ピウス二世のコルシニャーノ帰還にはアルベルティも同行していた。ローマとフィレンツェの中央に位置するこの町は、気候も良く見晴らしもすばらしい。この時の二人にとって、ここはまさに古代ローマの建築家ヴィトルヴィウスが描く、都市建設の理想の地そのものと思えたであろう。ピウス二世は即刻、この郷里を建て直し、都市的な記念碑として再建することを決意する。
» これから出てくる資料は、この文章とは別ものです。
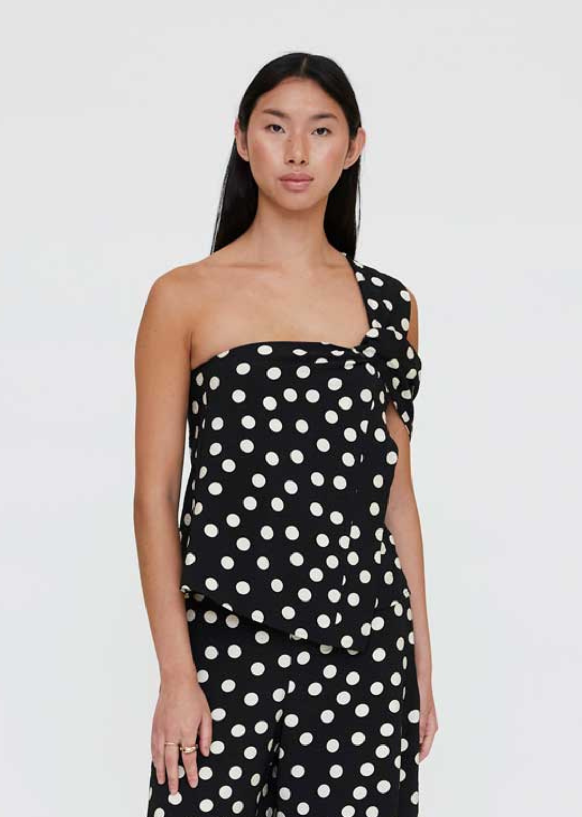 Description: The Stephanie Top is a timeless classic with a playful twist. Featuring an all-over polka dot print, this top offers a flattering, easy-to-wear silhouette...
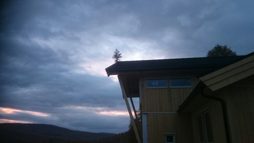 Jeg kjørte opp til Evenesdal etter jobb, men var ferdig sent denne dagen pga møter. Siden snekkerne nærmer seg ferdig før de tar to ukers pause så jeg ingen annen råd enn å kjøre rett opp til Sandbakken med de beste drikkevarene jeg kunne finne på Coop Prix. Det virka som om snekkerne satt pris på den lille gaven og at de mente at nå ville taket ha alt hell med seg og holde seg tett i lang tid.
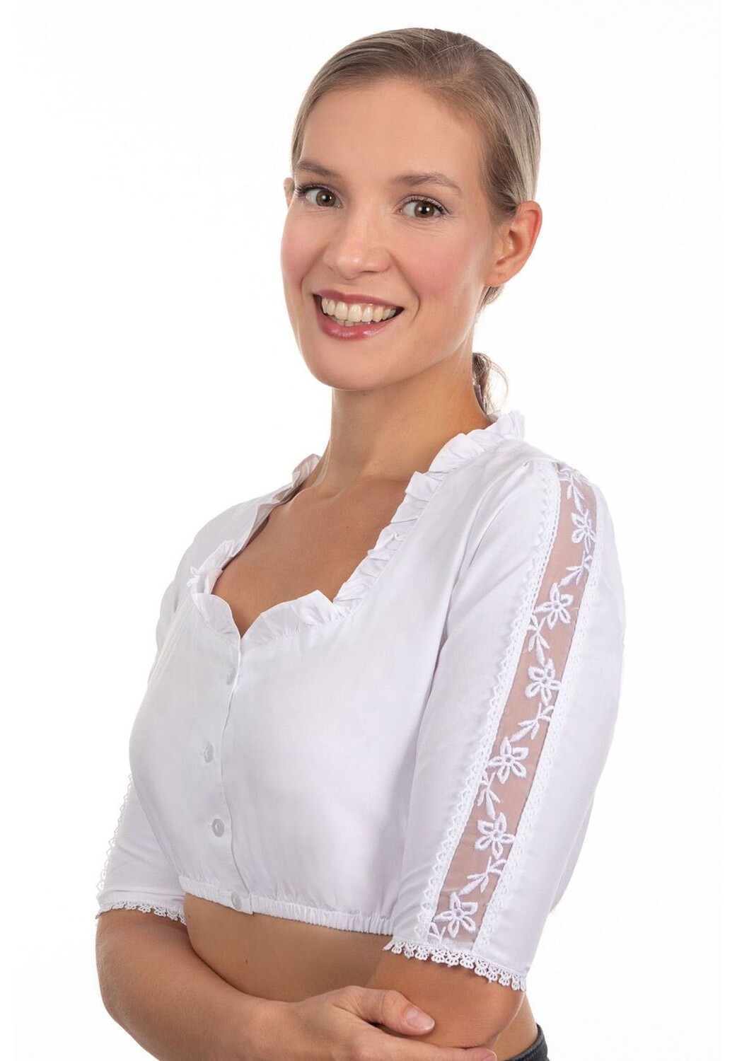 Классическая блузка в дирндле, которая никогда не выходит из моды, в современной интерпретации: наша блузка в дирндле Annabella. Небольшой V-образный вырез с планкой на пуговицах и рюшами на шее — прекрасный фаворит на все времена в блузке в стиле дирндл. Также имеются 3-4 рукава, которые декорированы красивой каймой из тафты и кружева и таким образом придают образу современный, свежий вид. Поскольку мы всегда обращаем внимание на детали, кружево также окружено каймой, связанной крючком, а рукава также украшены каймой, связанной крючком.
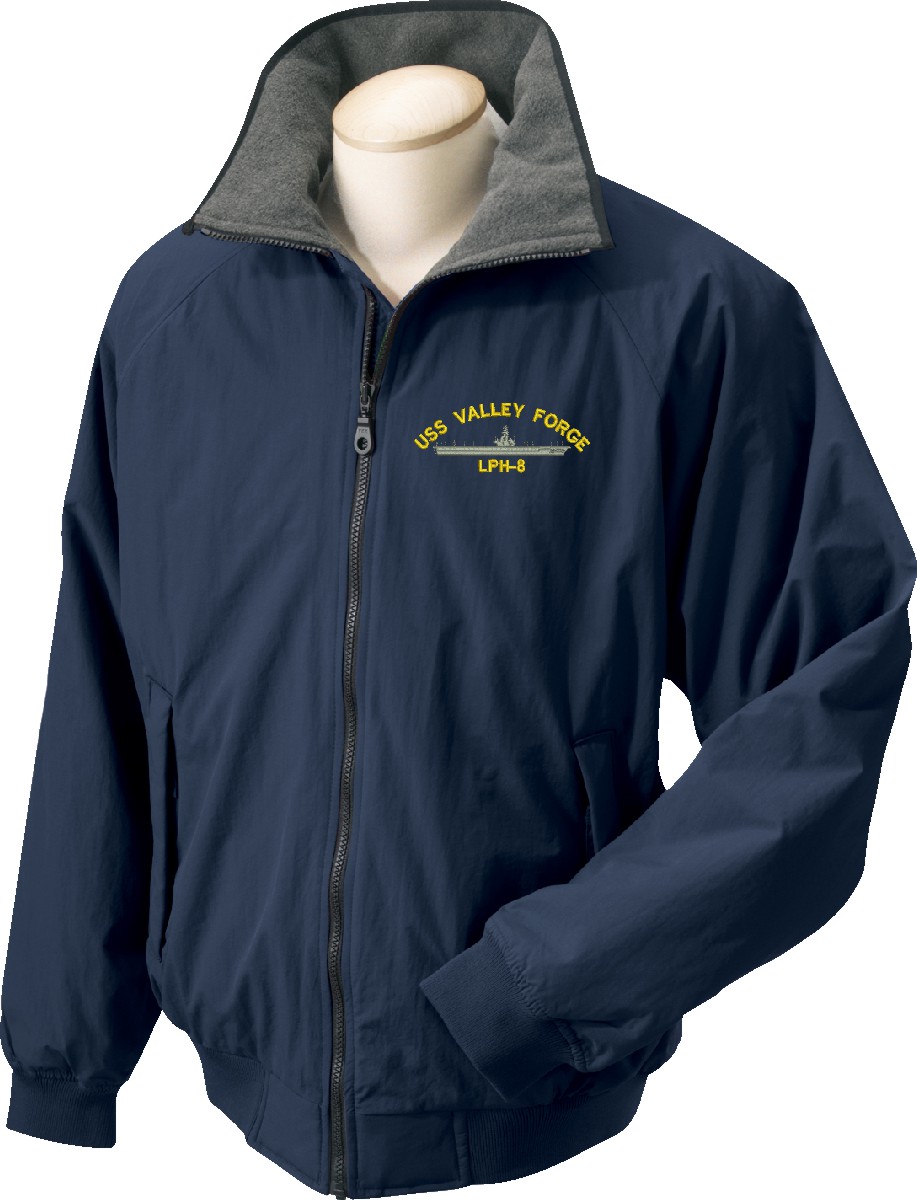 Note: Some of the Color Options pictured may not be available. Available Color Options are listed on the drop down menu above.All Text on custom orders will be embroidered in ALL CAPITAL LETTERS.MilitaryBest is expanding it's line of Men's and Women's apparel with this quality USS Valley Forge LPH-8 Jacket. This jacket is made from a 3-Layer system consisting of a nylon shell, an insulator layer, Nylon-lined sleeves, and an inside layer of fleece for comfort. The jacket features include a sturdy black enamel front-zipper, raglan sleeves, outsize zip pockets, an inside zip security pocket, YKK zippers, and a banded-bottom. This jacket will make an excellent addition to your wardrobe, or a quality gift. Your satisfaction is guaranteed! All embroidery is done at our facilities in Scottsboro, AL.
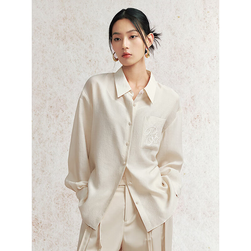 太平鸟女装国风莱赛尔品质衬衫夏季立体刺绣后背开叉衬衣套装 米色衬衫 M
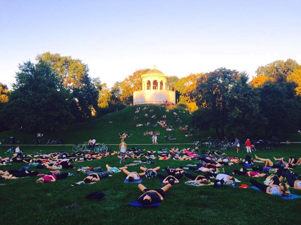 Terry: Die Idee ist, Yoga aus den Studios in die ganze Stadt zu bringen, um möglichst vielen Menschen das Yoga-Gefühl zugänglich zu machen. Wir hatten es schon öfter, dass jemand lieber zu einer unserer Stunden im Park kommt, als in ein Studio zu gehen.Wir möchten den Münchnern die Möglichkeit geben, eine einzigartige Yogastunde an einem Ort zu erleben, der mit Yoga eigentlich gar nichts zu tun hat. Das sorgt für ganz besondere Momente. Jeder Ort hat seine ganz eigene Atmosphäre, und durch diese unterschiedlichen Energien und Einflüsse gelingt es, sich selbst und seine Umgebung neu wahrzunehmen – ganz ungezwungen und mit viel Spaß.
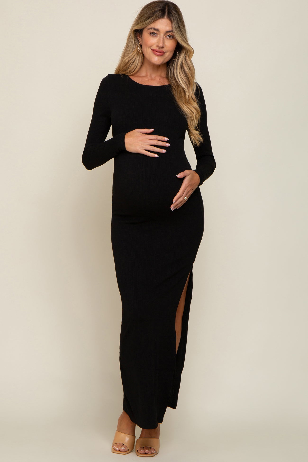 Black Ribbed Long Sleeve Side Slit Maternity Maxi Dress
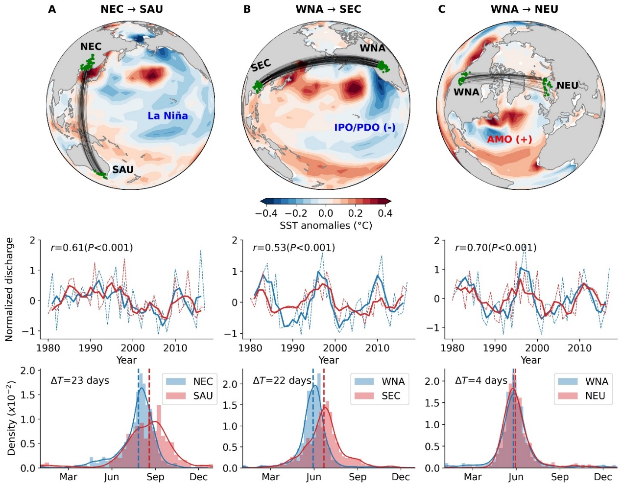图3 降雨-降雨(A),降雨-融雪(B),融雪-融雪(C)三类洪水远程同步热点地区(散点和连线),及其同步时的海温异常模态(第一行),洪峰流量时间序列(第二行)和洪峰出现时间概率密度分布(第三行)
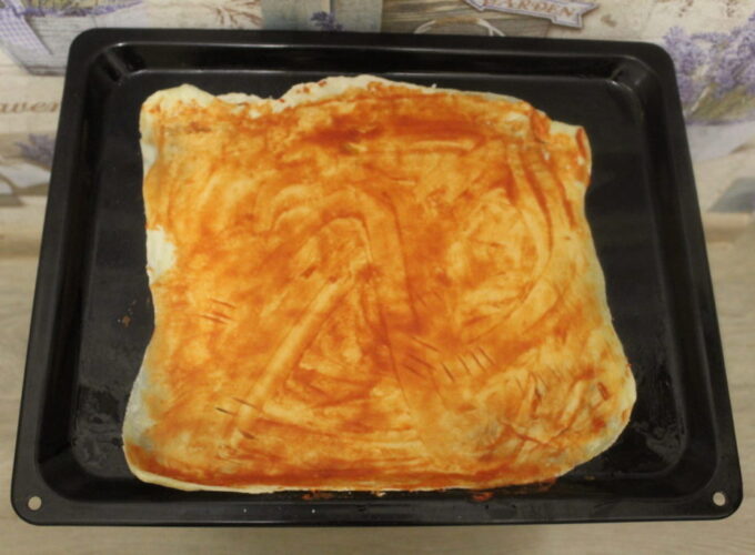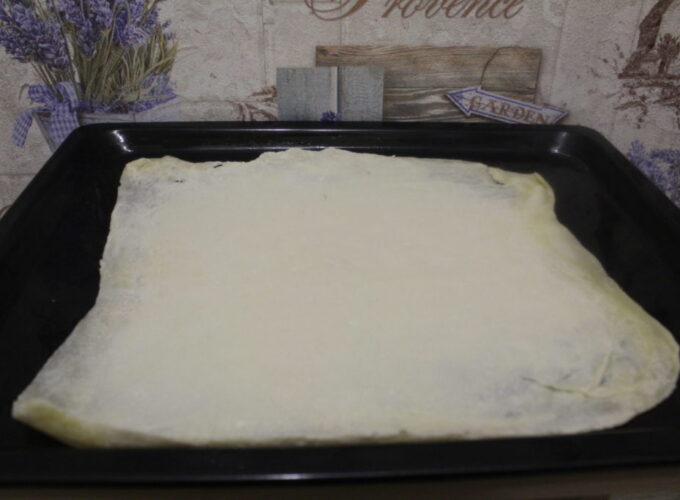 - Dezghețați aluatul înghețat, rulați-l subțire într-un strat și puneți-l pe o foaie de copt unsă.
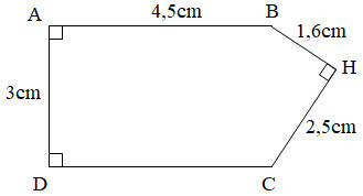 Bài 3. Một mảnh đất được vẽ trên bản đồ tỉ lệ 1 : 1000 có kích thước theo hình vẽ dưới đây. Tính chu vi và diện tích của mảnh đất đó.
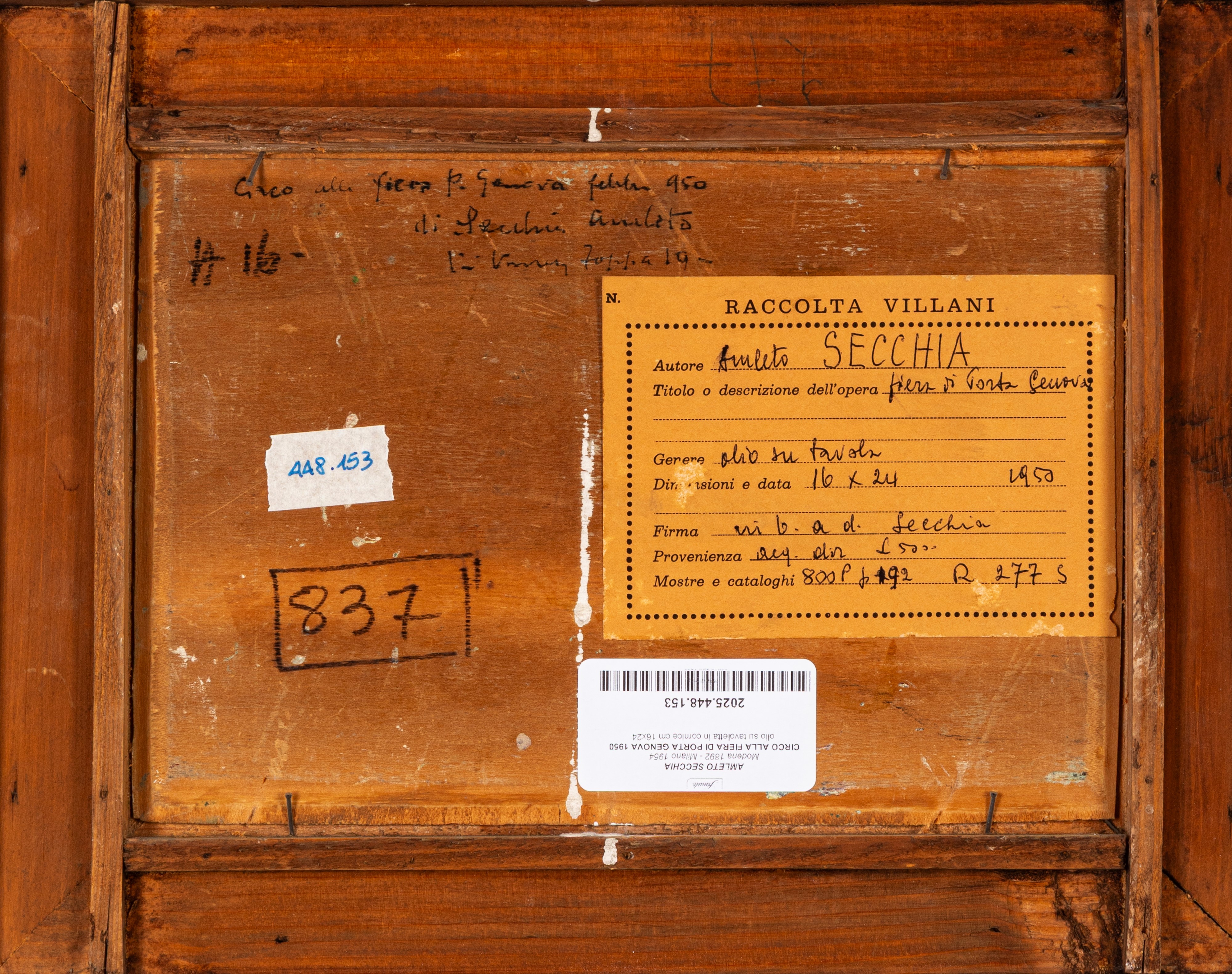 Provenienza: "Raccolta Villani" etichetta al retro con dettagli dell'opera.

シエナの裕福な商家の長男として生まれたピウス二世は商業人としてではなく、神学者、人文主義者としての道を歩む。シエナで神学をパドヴァで法律をフィレンツェでギリシャ文学を学んだ彼、フィレンツェではさらに多くの人文学者とも交わっている。


 (fig35)

当代一流の人文主義者でもあるこの教皇、しかし、商家の後裔でもある彼は、自身が為すべき事業の実現に対しニコラウス五世に比べ、より現実的であったのかもしれない。ピウス二世の関心は金のかかりすぎる理想都市ローマの建設ではなく、もっと具体的、現実的な夢の実現、理想都市ピエンツァの建設にあったのだ。

ピウスの目論見に対しその後、アルベルティが助力しなかったのは不可解とされている。彼こそ都市問題に経験が深い唯一の建築家であるからだ。すでにローマ元老院に雇われてしまったアルベルティ、ピウスのパートナーを勤める時間が無かったと考えられる。あるいはピウス自らが自分自身のモニュメントを実現したかったのか。

結果からみると、アルベルティがピエンツァの建設に直接関わらなかったのは幸いしている。何故なら、もし二人が同時にピエンツァに関わったら、多分、大喧嘩を繰り返さざる得なかったに違いないのだから。


(ベルナルド・ロッセリーノ)

各地の王侯貴族とのつき合いも多く、ローマ教皇庁の仕事も忙しかったアルベルティに代わりピウスは別の建築家に理想都市の建設を委託する。選ばれたのはベルナルド・ロッセリーノ、フィレンツェ以来のアルベルティの助手であり現場監督でもあった人。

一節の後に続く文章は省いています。